The selling stockholder may also engage in short sales against the box, puts and calls and other transactions in our securities or derivatives of our securities and may sell or deliver shares in connection with these trades.
Broker-dealers engaged by the selling stockholder may arrange for other broker-dealers to participate in sales. Broker-dealers may receive commissions or discounts from the selling stockholder (or, if any broker-dealer acts as agent for the purchaser of shares, from the purchaser) in amounts to be negotiated. The selling stockholder does not expect these commissions and discounts to exceed what is customary in the types of transactions involved. Any profits on the resale of shares of common stock by a broker-dealer acting as principal might be deemed to be underwriting discounts or commissions under the Securities Act. Discounts, concessions, commissions and similar selling expenses, if any, attributable to the sale of shares will be borne by a selling stockholder. The selling stockholder may agree to indemnify any agent, dealer or broker-dealer that participates in transactions involving sales of the shares if liabilities are imposed on that person under the Securities Act.
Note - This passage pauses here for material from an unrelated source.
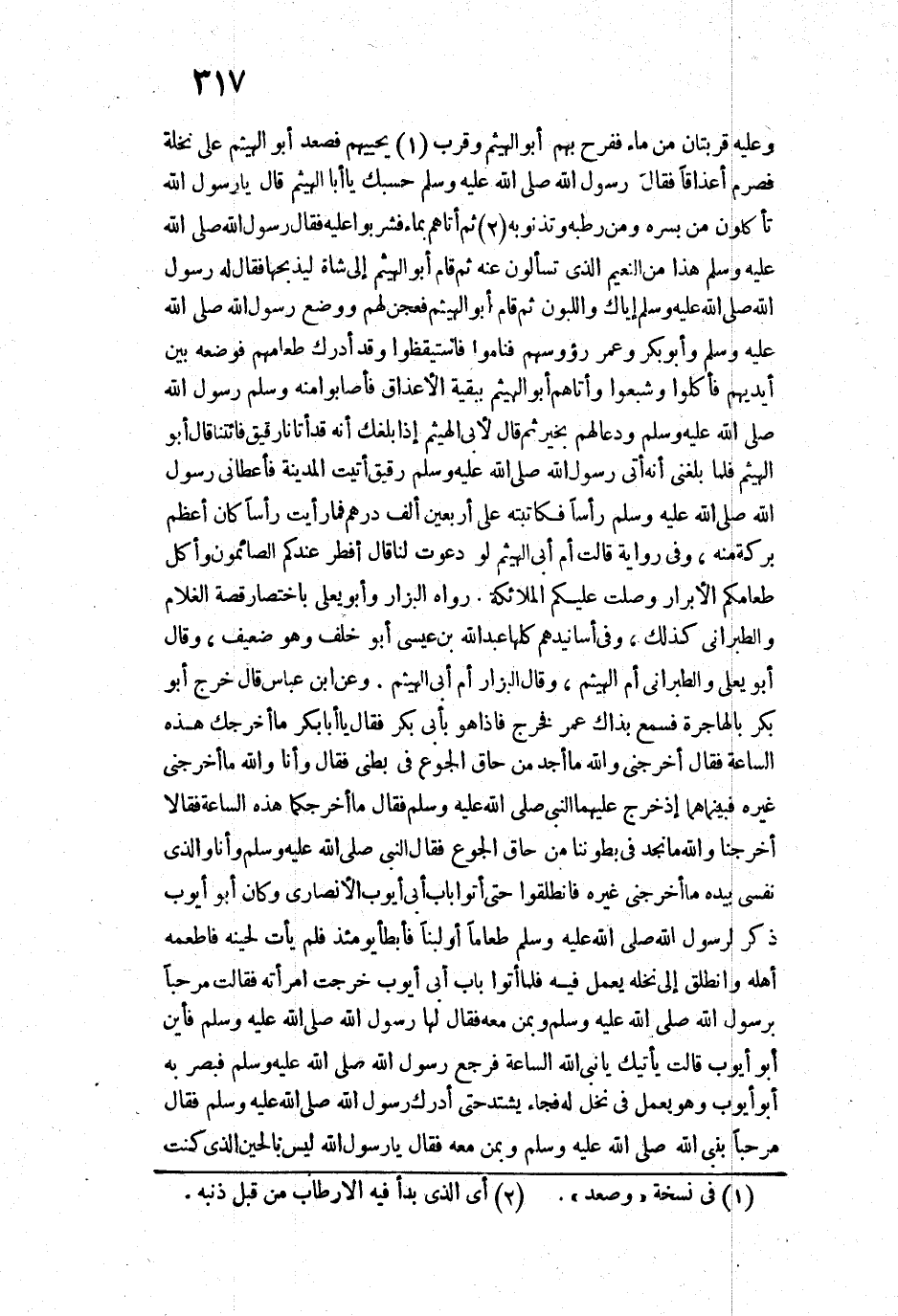 وَعَلَيْهِ قِرْبَتَانِ مِنْ مَاءٍ، فَفَرِحَ بِهِمْ أَبُو الْهَيْثَمِ، وَقَرُبَ يُحَيِّيهِمْ، فَصَعِدَ أَبُو الْهَيْثَمِ عَلَى نَخْلَةٍ فَصَرَمَ أَغْدَاقًا، فَقَالَ رَسُولُ اللَّهِ - صَلَّى اللَّهُ عَلَيْهِ وَسَلَّمَ -: " حَسْبُكَ يَا أَبَا الْهَيْثَمِ ". قَالَ: يَا رَسُولَ اللَّهِ، تَأْكُلُونَ مِنْ بُسْرِهِ، وَمِنْ رُطَبِهِ، وَتَذْنُوبِهِ، ثُمَّ أَتَاهُمْ بِمَاءٍ فَشَرِبُوا عَلَيْهِ. فَقَالَ رَسُولُ اللَّهِ - صَلَّى اللَّهُ عَلَيْهِ وَسَلَّمَ -: " هَذَا مِنَ النَّعِيمِ الَّذِي تُسْأَلُونَ عَنْهُ ". ثُمَّ قَامَ أَبُو الْهَيْثَمِ إِلَى شَاةٍ لِيَذْبَحَهَا، فَقَالَ لَهُ رَسُولُ اللَّهِ - صَلَّى اللَّهُ عَلَيْهِ وَسَلَّمَ -: " إِيَّاكَ وَاللَّبُونَ ". ثُمَّ قَامَ أَبُو الْهَيْثَمِ فَعَجَنَ لَهُمْ. وَوَضَعَ رَسُولُ اللَّهِ - صَلَّى اللَّهُ عَلَيْهِ وَسَلَّمَ - وَأَبُو بَكْرٍ، وَعُمَرُ رُءُوسَهُمْ فَنَامُوا، فَاسْتَيْقَظُوا وَقَدْ أَدْرَكَ طَعَامُهُمْ، فَوَضَعَهُ بَيْنَ أَيْدِيهِمْ ; فَأَكَلُوا وَشَبِعُوا. وَأَتَاهُمْ أَبُو الْهَيْثَمِ بِبَقِيَّةِ الْأَعْذَاقِ، فَأَصَابُوا مِنْهُ، وَسَلَّمَ رَسُولُ اللَّهِ - صَلَّى اللَّهُ عَلَيْهِ وَسَلَّمَ - وَدَعَا لَهُمْ بِخَيْرٍ، ثُمَّ قَالَ لِأَبِي الْهَيْثَمِ: " إِذَا بَلَغَكَ أَنَّهُ قَدْ أَتَانَا رَقِيقٌ فَائْتِنَا ".

In connection with the sale of our common stock or interests therein, the selling stockholder may enter into hedging transactions with broker-dealers or other financial institutions, which may in turn engage in short sales of the common stock in the course of hedging the positions they assume. The selling stockholder may also sell shares of our common stock short and deliver these securities to close out their short positions, or loan or pledge the common stock to broker-dealers that in turn may sell these securities. The selling stockholder may also enter into option or other transactions with broker-dealers or other financial institutions or the creation of one or more derivative securities which require the delivery to such broker-dealer or other financial institution of shares offered by this prospectus, which shares such broker-dealer or other financial institution may resell pursuant to this prospectus (as supplemented or amended to reflect such transaction).
The selling stockholder may from time to time pledge or grant a security interest in some or all of the shares of common stock owned by them and, if they default in the performance of their secured obligations, the pledgees or secured parties may offer and sell the shares of common stock from time to time under this prospectus after we have filed an amendment to this prospectus under Rule 424(b)(3) or other applicable provision of the Securities Act of 1933 amending the list of selling stockholders to include the pledgee, transferee or other successors in interest as selling stockholders under this prospectus.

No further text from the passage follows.